Louise-Elizabeth Vigée Le Brun (1755-1842)

Details
Louise-Elizabeth Vigée Le Brun (1755-1842)

Portrait of Louisa, Queen of Prussia, bust length, in an olive dress with white sleeves with a pearl necklace

pastel
535 x 420mm.
Literature
E. Vigée-Le Brun, Souvenirs, Paris, 1837, III, pp. 109-10
Engraved
Lithographed by Castille, as the frontispiece of the third volume of Madame Vigée Le Brun's, Souvenirs, Paris, 1837

Lot Essay

In 1801, on her return from Russia where she stayed for six years, Elizabeth Vigée-Le Brun stopped for six months in Berlin where she was lionized by Hohenzollern. Three days after arriving in Berlin she was invited to Potsdam.

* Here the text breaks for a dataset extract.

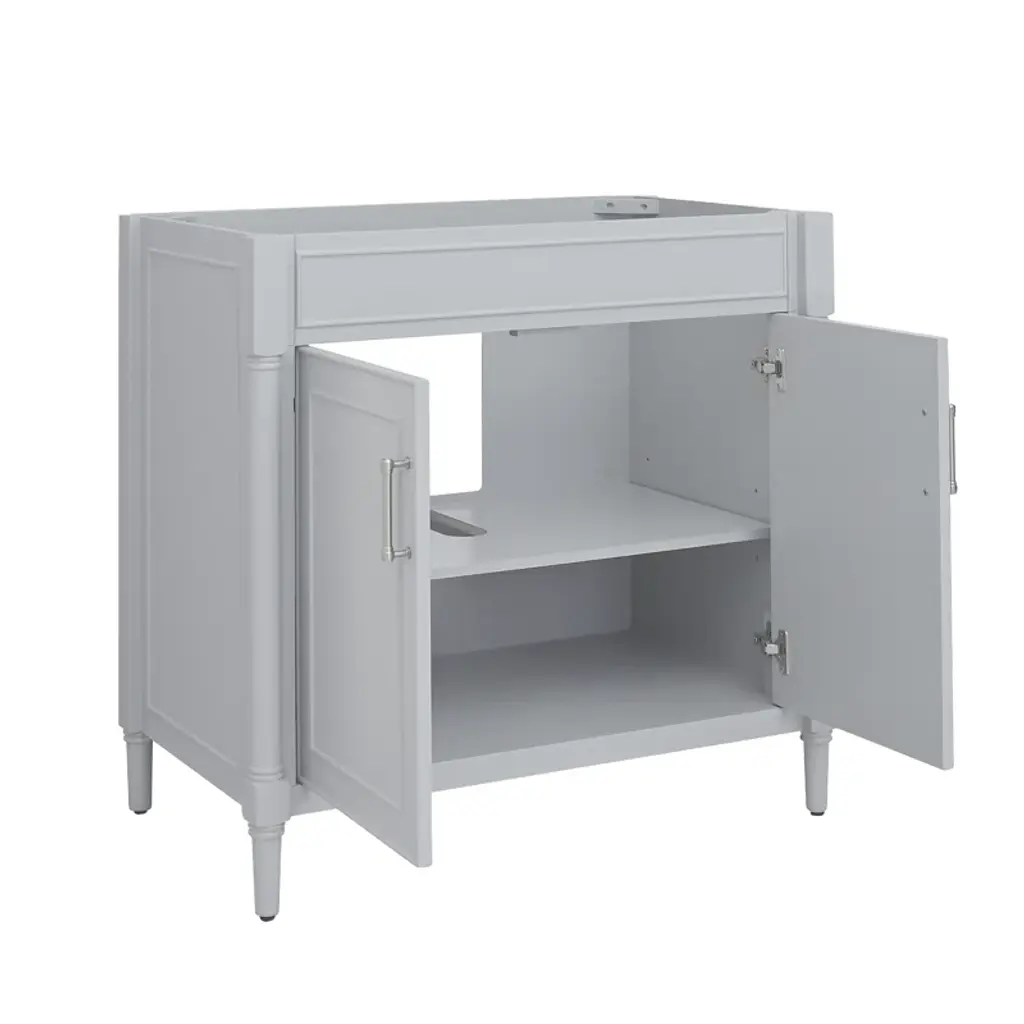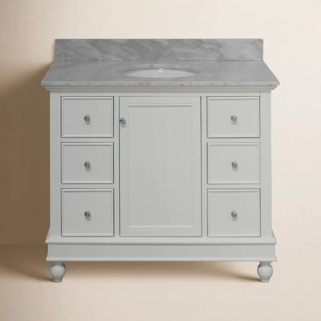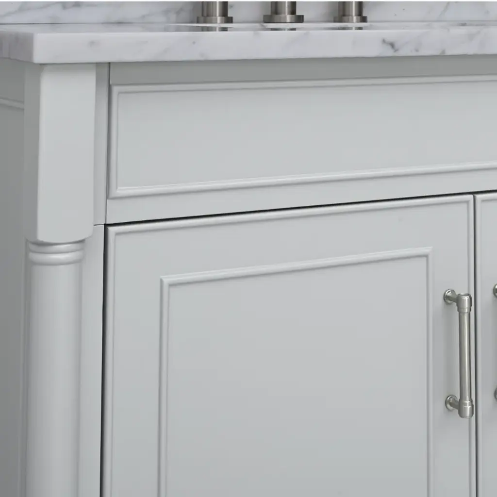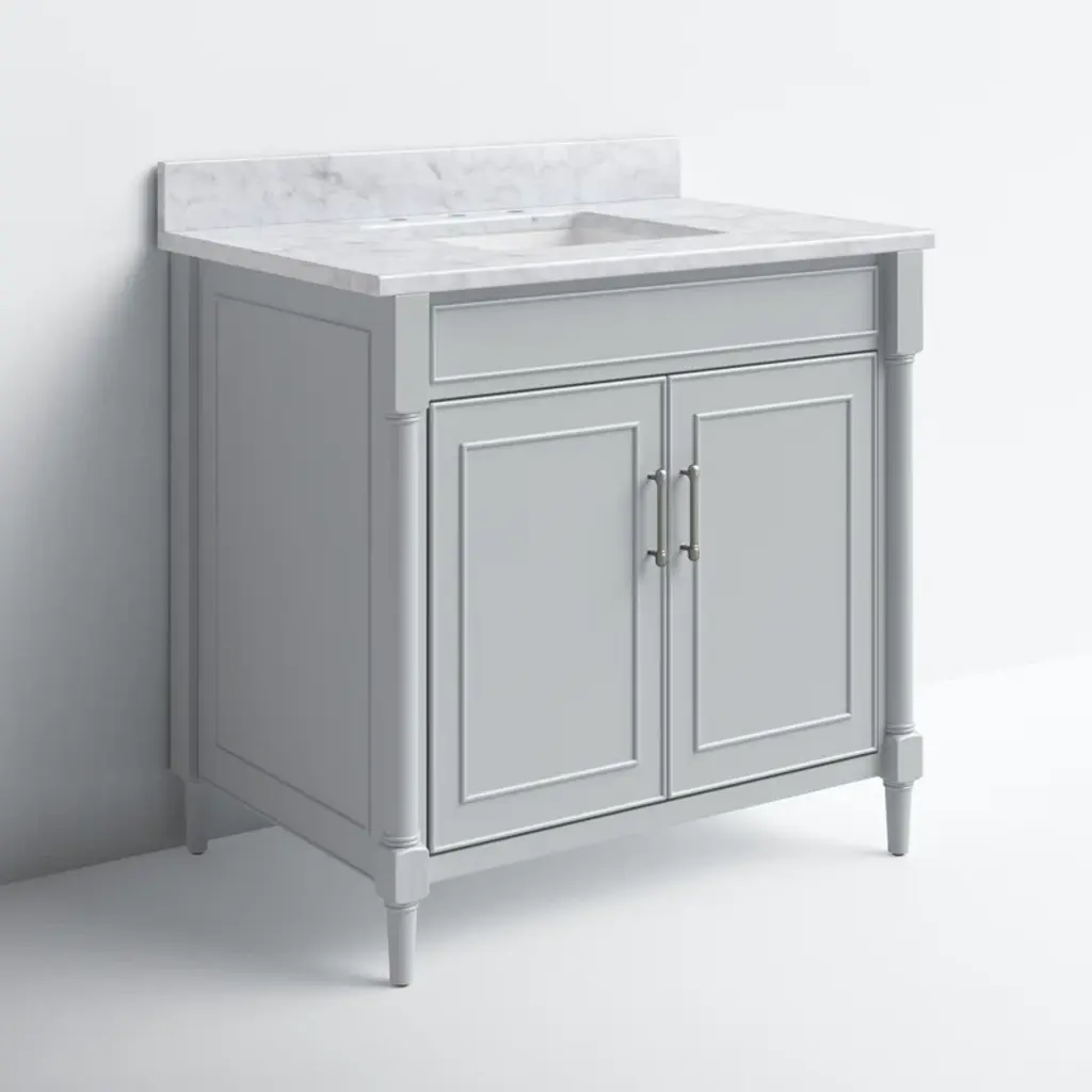This freestanding single vanity adds an elevated look to your bathroom with its gleaming hardware and turned detailing. It features a white marble countertop with a built-in backsplash, and the Vitreous china under-mount sink has a rectangular shape for an on-trend look we love. Two soft-close doors open to reveal hidden storage for extra linens, toiletries, and bathroom must-haves. This vanity is compatible with a widespread faucet (sold separately), and it's fully assembled, so it's ready for installation the moment it arrives.

Greatly charmed by the Queen of Prussia, she later wrote in her Souvenirs: 'but here my pen must remain powerless for it cannot convey the impression that my first meeting with this Princess made upon me. Her charming and heavenly face shone with an expression of gentle virtue and she possessed the finest and most regular features. The beauty of her figure, her neck, her arms, the dazzling freshness of her complexion, everything about her surpassed the most perfect ideal. She was in deep mourning and wore a crown made with spikes of jet which, far from unbecoming, gave her pallid cheeks a certain radiance. You would have to see the Queen of Prussia to understand how this vision held me spellbound,' E. Vigée-Le Brun, The Memoirs of Elizabeth Vigée-Le Brun, London, 1989, p. 230. The deep admiration evidently expressed by the artist for the Queen of Prussia did not solely derive from her noble features. In an age fascinated by physiognomy, Elizabeth Vigée-Le Brun was in fact describing an ideal portrait of a perfect Queen, exalting the royalist virtues of a good ruler, who was a passionate opponent of the French Revolution. Louisa Augusta Wilhelma Amelia von Mecklemburg Strelitz was a declared enemy of Napoleon, who openly encouraged her husband King Frederich Wilhelm III to go to war and favoured the Russian alliance. Such a courageous and determined woman could not fail to appeal to the artist, herself an exile and loyal admirer of the martyred Queen Marie-Antoinette. Queen Louisa's patronage of Madame Vigée-Le Brun was, in part, a political gesture.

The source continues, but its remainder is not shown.